Her team is now navigating the patent process for two machine‑learning algorithms — one designed to help prevent stroke, the other to guide heart‑failure care. They’re also leading clinical trials to examine how wearables affect patient psychology and health outcomes. These steps move toward the same goal: a future where data empowers patients rather than overwhelms them.

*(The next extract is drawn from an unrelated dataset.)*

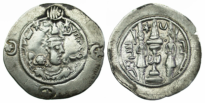 Sasanian Kingdom. Hormizd IV. A.D. 579-590. AR drachm (29.8 mm, 3.97 g, 3 h). Yazd, year 1. Crowned and cuirassed bust right, two stars above crest, three stars within crescents around / Fire altar with attendants and ribbon, star and crescent flanking flames. Göbl 202; Alram 909. VF.

“We need to do the clinical trials to understand the risks and benefits of wearable devices like we would with any other medical intervention,” Rosman says. “We would never prescribe medication to our patients without knowing who’s going to benefit, who’s at risk, and how to mitigate those risks.”

A record of rhythms

To power this work, Rosman has spent years building the largest cardiac-device registry in the United States — and possibly the world. By combining anonymized patient data from all 11 hospitals in the UNC Health System with information from the U.S. Department of Veterans Affairs, she’s created a research engine capable of revealing patterns no single clinic could ever see.

“And they were built to be parallel registries,” Rosman says. “That means we can develop and test AI and machine-learning tools in one data set, then deploy and evaluate them in another where the patients and health systems are completely different.”

The data Rosman works with is de-identified and locked behind layers of servers and firewalls — a digital vault designed to protect the people behind the numbers. She and her team follow the university’s strict protocols for handling this information, treating each step with care to preserve patient privacy.  

“As investigators, we absolutely have to respect that,” she says.

These registries have opened doors to projects Rosman never imagined at the start of her career. During the 2016 presidential election, for example, she linked the registry with voter records and electronic health data to investigate whether nationwide stress affects heart rhythms.

“We were actually the first group to explore that,” she says. “We wanted to understand the stress of politics and its cardiovascular implications. When we looked across multiple years, we found a 77% increase in arrythmias during the 2016 election compared to other periods.”

The registry became just as valuable during the COVID-19 pandemic. As telehealth replaced in-person visits, Rosman used the data to uncover how many patients were missing critical appointments simply because they didn’t have internet access — a finding that helped health systems rethink their approach to virtual care.

She has even shared the platform with the Environmental Protection Agency, which used it to examine how heat and humidity influence cardiovascular disease. That collaboration has grown into an ongoing study exploring how exposure to forever chemicals like PFAS affects heart health, with Rosman’s registry again providing the backbone of real-world evidence.

Each project points to the same possibility: a future where massive, interconnected data sets help researchers understand not just disease, but the world patients live in — their stress, their environments, their access to care, even their politics. And for Rosman, that future is already taking shape.

“Data science is really starting to become more mainstream in cardiology,” she says. “We’ve been collecting a lot of data for a long time, and it’s just been sitting there. We now have tools to better utilize that data to answer important questions for our patients, clinicians, and health systems.”